Russia is currently supplying pipeline gas to Europe via virtually the only remaining route, the Turkish Stream. Hungary and Slovakia are among the key buyers. Until recently, they were also recipients of Russian oil through the Druzhba oil pipeline. Moscow calls the Hungarian and Slovak sides "reliable counterparties" and directly separates these two countries from the rest of the European Union.
But the backbone of Russian exports to Europe is formed by liquefied natural gas and fertilizers. By the end of 2025, Russia remained the second largest supplier of LNG to the EU, holding 16% of the market. His key customers were Belgium, Spain and France. On January 26, the EU Council approved a legal act that sets strict deadlines for the abandonment of liquefied Russian gas: a complete ban should be implemented by the end of 2027, and a starting threshold limiting new contracts and spot purchases will enter into force on March 18, 2026.

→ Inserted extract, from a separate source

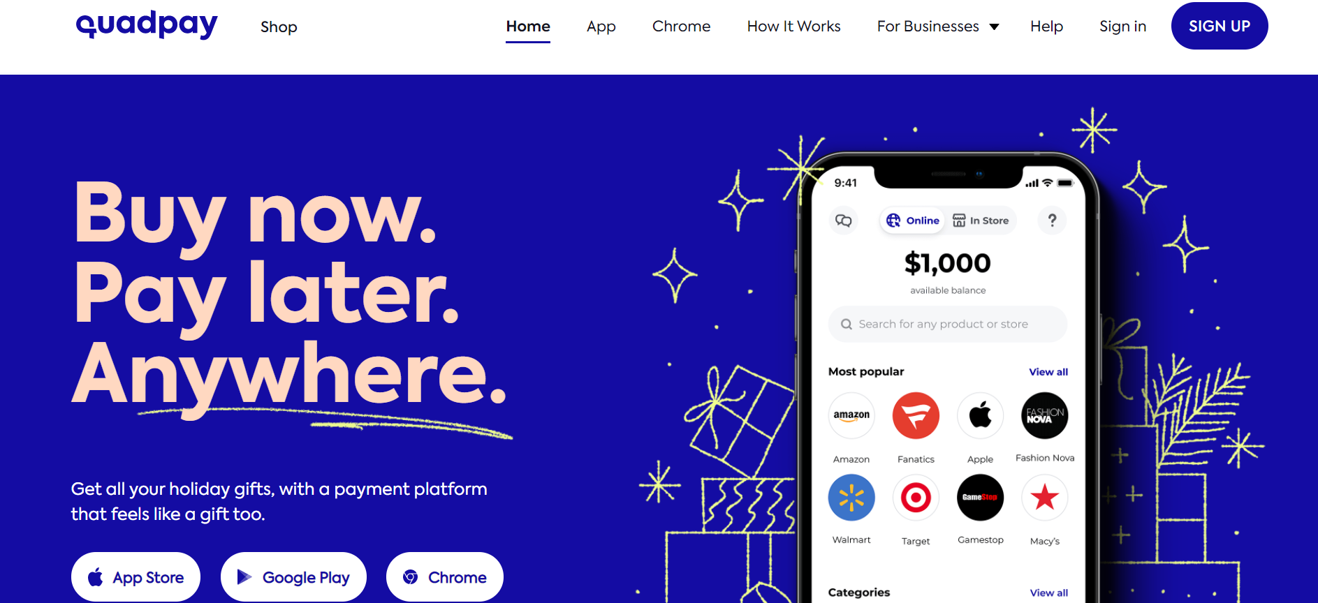 Owned by Zip Pay, Quad Pay is the company’s BNPL service made specifically for the US.

On March 4, Vladimir Putin, amid rising energy prices due to the conflict in the Middle East, admitted that Russia could "get ahead" of Europe, suggesting that it should consider stopping supplies "right now" rather than waiting for the Europeans to abandon it. The government and relevant companies should work on this issue. Kremlin spokesman Dmitry Peskov clarified that this was an analytical assignment, not a decision.
Taking into account the growing total share of LNG in the EU import structure, the potential termination of such supplies will be very significant, but not critical, Egor Sergeev believes. If the Russian side refuses to supply, a "gap" of about 20 billion cubic meters of gas (13.8 million tons of LNG) will form in the European energy balance, Izvestia estimates. Replacing this volume on the open market at a time when prices have jumped to a three-year high of €65.79 per MWh will cost Europeans €13.8 billion per year.
In the current circumstances, Russia will further reorient its supplies to other markets of friendly countries in Asia, Africa or Latin America.